**Saved data entries:**
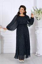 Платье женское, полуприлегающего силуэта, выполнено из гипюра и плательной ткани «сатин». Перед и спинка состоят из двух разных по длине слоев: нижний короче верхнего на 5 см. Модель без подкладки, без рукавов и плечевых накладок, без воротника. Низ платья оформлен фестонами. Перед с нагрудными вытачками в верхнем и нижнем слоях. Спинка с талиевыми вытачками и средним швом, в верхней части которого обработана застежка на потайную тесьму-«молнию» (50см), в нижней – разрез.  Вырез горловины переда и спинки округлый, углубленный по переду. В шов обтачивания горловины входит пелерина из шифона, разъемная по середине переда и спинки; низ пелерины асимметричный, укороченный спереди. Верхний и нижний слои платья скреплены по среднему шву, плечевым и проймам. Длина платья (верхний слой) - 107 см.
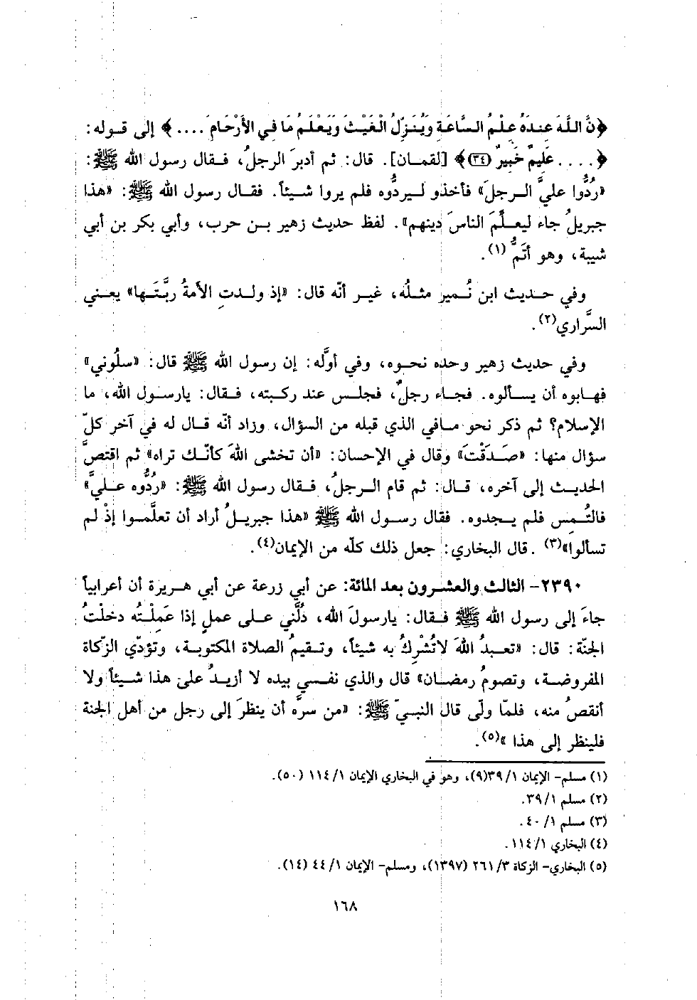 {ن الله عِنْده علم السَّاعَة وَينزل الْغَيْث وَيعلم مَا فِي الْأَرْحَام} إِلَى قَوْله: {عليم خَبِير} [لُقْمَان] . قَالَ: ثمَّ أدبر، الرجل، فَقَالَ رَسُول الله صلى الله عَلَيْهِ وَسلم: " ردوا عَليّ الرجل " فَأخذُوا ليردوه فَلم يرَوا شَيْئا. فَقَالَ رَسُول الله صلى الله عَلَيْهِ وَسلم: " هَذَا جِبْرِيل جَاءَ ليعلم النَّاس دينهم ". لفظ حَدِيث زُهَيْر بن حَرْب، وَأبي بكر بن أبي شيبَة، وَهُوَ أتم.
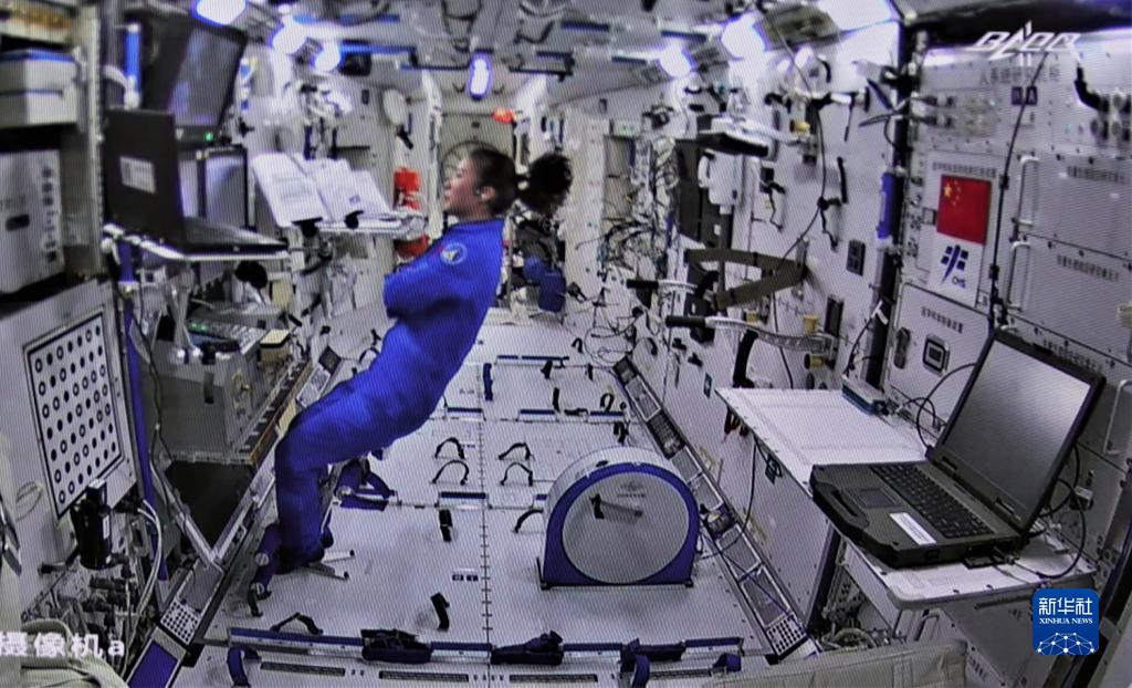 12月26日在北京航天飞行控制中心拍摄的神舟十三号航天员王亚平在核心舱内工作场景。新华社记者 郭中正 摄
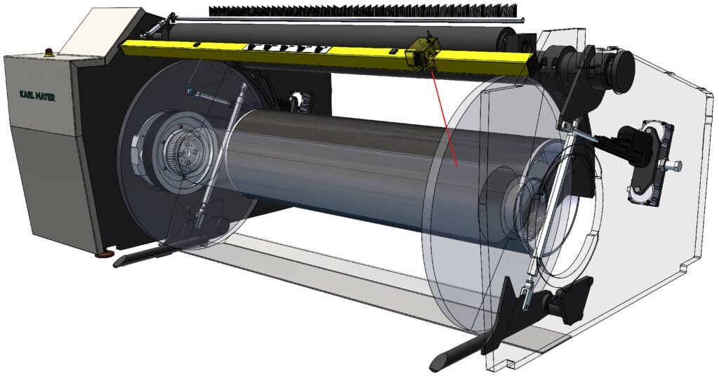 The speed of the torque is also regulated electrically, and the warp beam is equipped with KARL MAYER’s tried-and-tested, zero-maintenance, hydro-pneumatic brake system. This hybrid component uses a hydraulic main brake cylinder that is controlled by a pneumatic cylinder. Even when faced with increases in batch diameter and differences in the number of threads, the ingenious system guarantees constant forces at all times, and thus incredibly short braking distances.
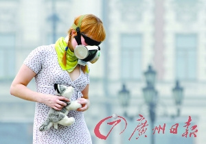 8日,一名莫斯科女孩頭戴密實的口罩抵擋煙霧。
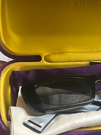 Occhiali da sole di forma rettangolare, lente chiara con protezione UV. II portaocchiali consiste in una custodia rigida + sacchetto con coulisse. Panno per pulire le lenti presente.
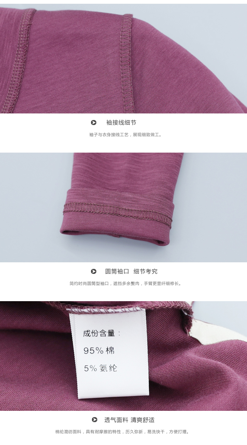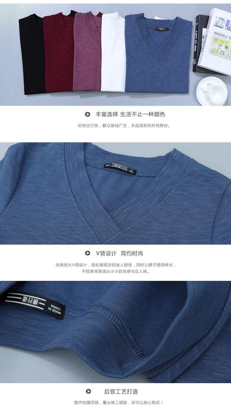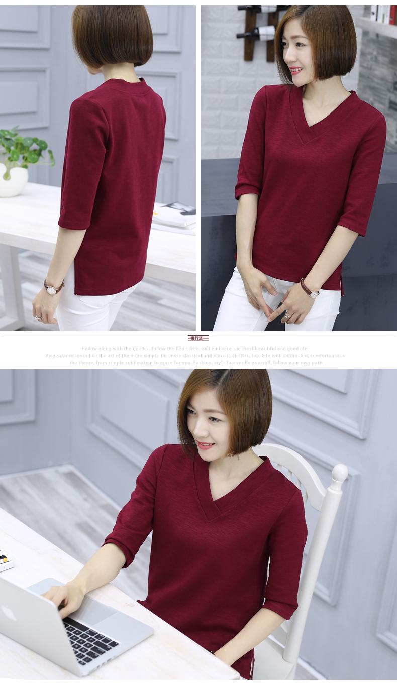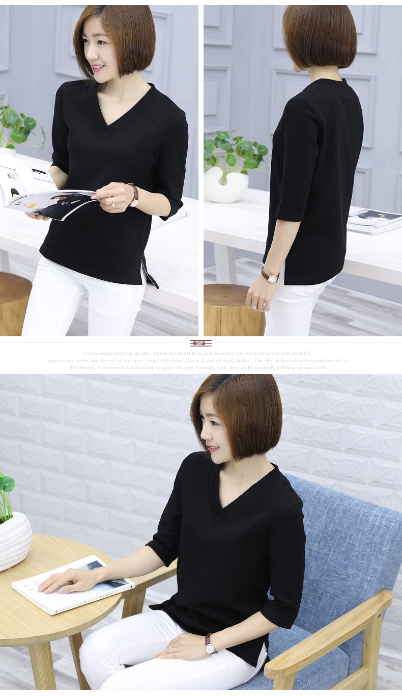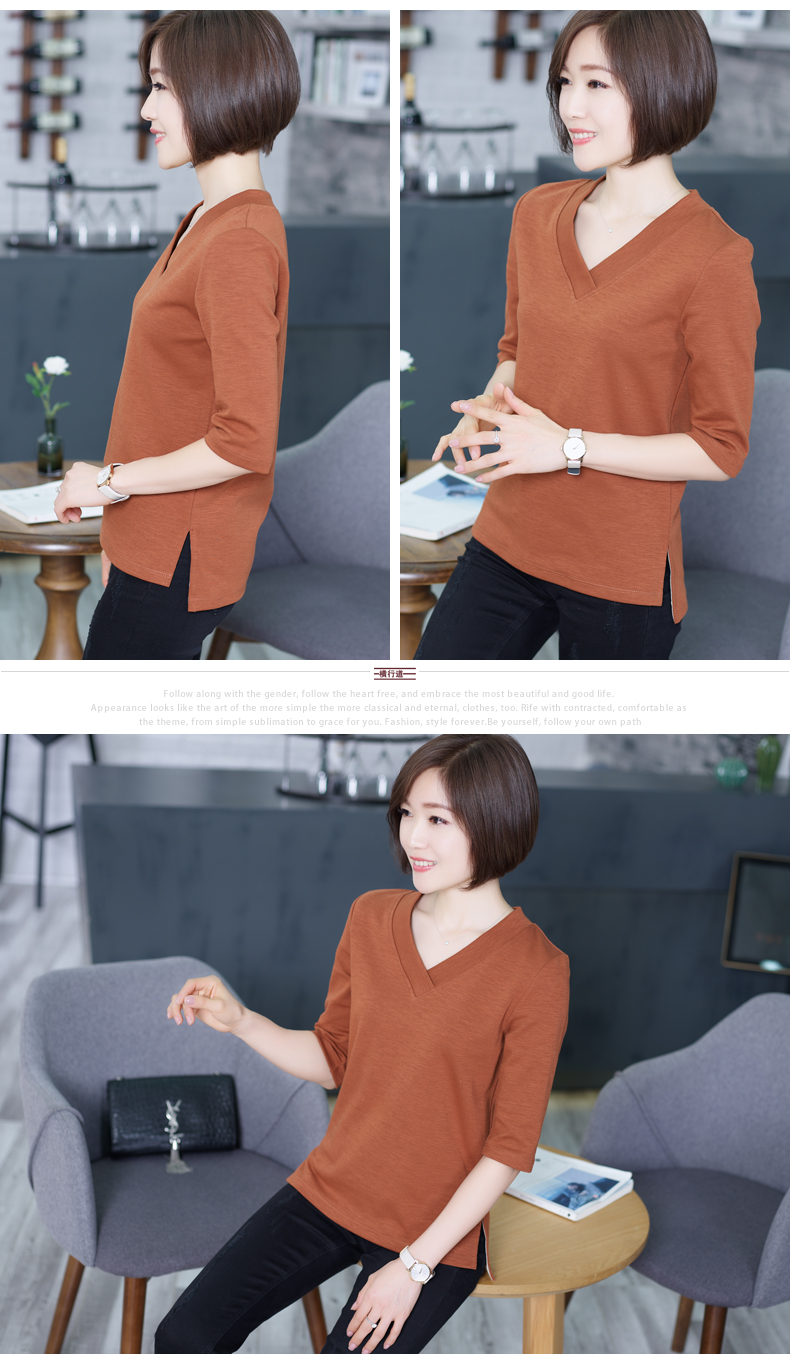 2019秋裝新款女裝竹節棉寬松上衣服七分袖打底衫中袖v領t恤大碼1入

* * *

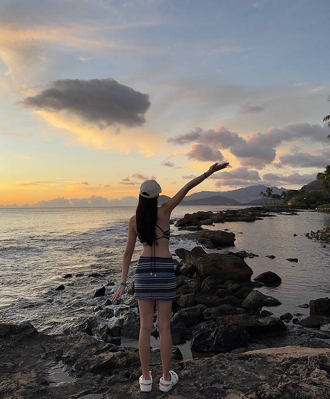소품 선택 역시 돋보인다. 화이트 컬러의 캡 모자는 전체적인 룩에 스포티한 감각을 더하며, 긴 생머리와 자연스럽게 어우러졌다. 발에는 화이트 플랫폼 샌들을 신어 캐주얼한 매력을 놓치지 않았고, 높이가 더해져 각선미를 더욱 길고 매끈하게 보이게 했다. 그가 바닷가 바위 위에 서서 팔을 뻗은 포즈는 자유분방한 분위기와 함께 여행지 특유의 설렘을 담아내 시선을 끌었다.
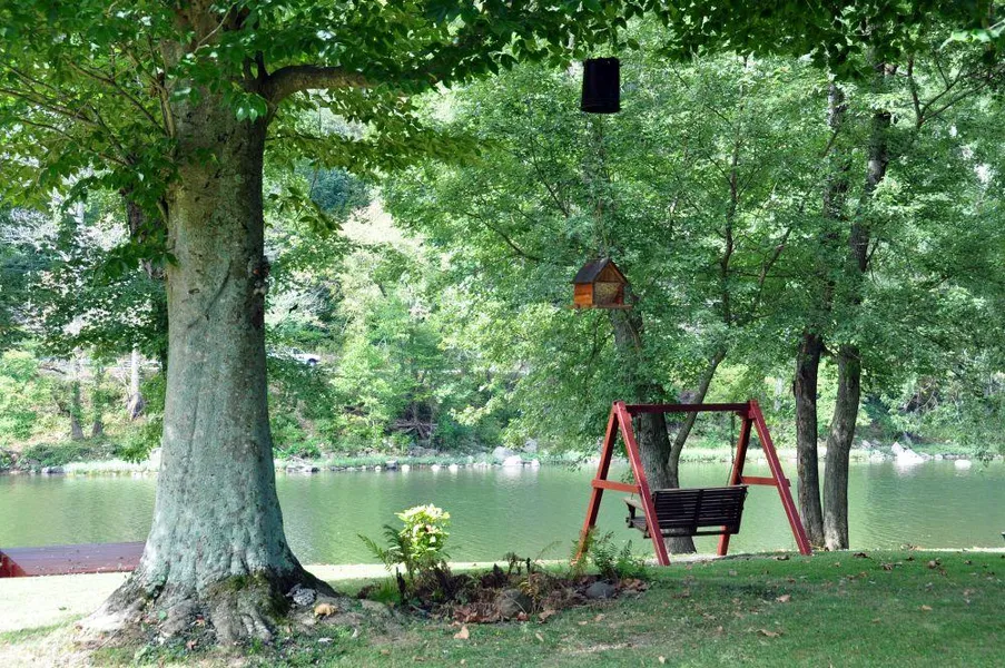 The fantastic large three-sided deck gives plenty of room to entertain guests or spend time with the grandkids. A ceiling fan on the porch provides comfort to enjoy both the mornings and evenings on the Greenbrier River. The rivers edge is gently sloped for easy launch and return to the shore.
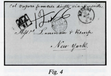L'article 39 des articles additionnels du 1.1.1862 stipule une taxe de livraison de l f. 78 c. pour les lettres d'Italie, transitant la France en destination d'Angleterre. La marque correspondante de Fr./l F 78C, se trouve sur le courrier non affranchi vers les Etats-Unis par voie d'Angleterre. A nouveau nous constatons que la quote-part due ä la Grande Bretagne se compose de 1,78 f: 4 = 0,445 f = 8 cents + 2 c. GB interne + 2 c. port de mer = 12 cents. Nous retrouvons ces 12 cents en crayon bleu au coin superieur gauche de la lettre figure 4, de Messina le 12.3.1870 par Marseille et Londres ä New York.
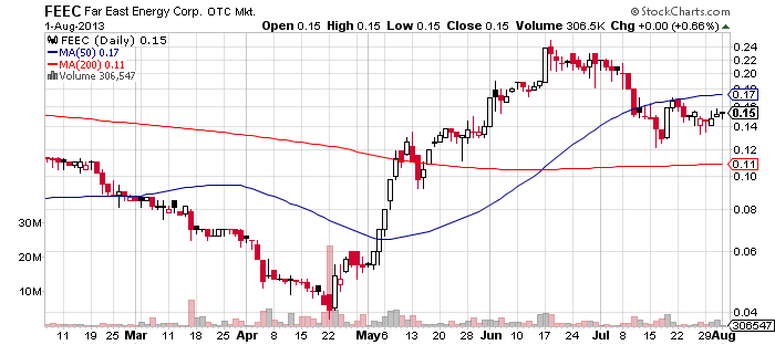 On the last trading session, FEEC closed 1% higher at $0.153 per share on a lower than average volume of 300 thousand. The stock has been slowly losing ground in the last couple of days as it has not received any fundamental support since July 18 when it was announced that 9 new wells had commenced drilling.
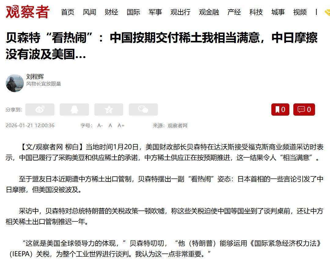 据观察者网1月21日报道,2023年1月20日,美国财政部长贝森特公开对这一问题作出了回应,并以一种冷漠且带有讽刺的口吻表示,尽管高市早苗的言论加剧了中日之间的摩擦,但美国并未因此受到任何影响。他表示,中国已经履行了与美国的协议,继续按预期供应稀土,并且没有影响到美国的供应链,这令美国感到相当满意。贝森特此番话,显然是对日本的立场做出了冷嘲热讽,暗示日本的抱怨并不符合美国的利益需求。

**Task requirements:** Print an exact copy of the lines above, from the one containing "소품 선택 역시 돋보인다." through the one containing "The fantastic large", and leave out the pictures.

**Solution below:**
소품 선택 역시 돋보인다. 화이트 컬러의 캡 모자는 전체적인 룩에 스포티한 감각을 더하며, 긴 생머리와 자연스럽게 어우러졌다. 발에는 화이트 플랫폼 샌들을 신어 캐주얼한 매력을 놓치지 않았고, 높이가 더해져 각선미를 더욱 길고 매끈하게 보이게 했다. 그가 바닷가 바위 위에 서서 팔을 뻗은 포즈는 자유분방한 분위기와 함께 여행지 특유의 설렘을 담아내 시선을 끌었다.
 The fantastic large three-sided deck gives plenty of room to entertain guests or spend time with the grandkids. A ceiling fan on the porch provides comfort to enjoy both the mornings and evenings on the Greenbrier River. The rivers edge is gently sloped for easy launch and return to the shore.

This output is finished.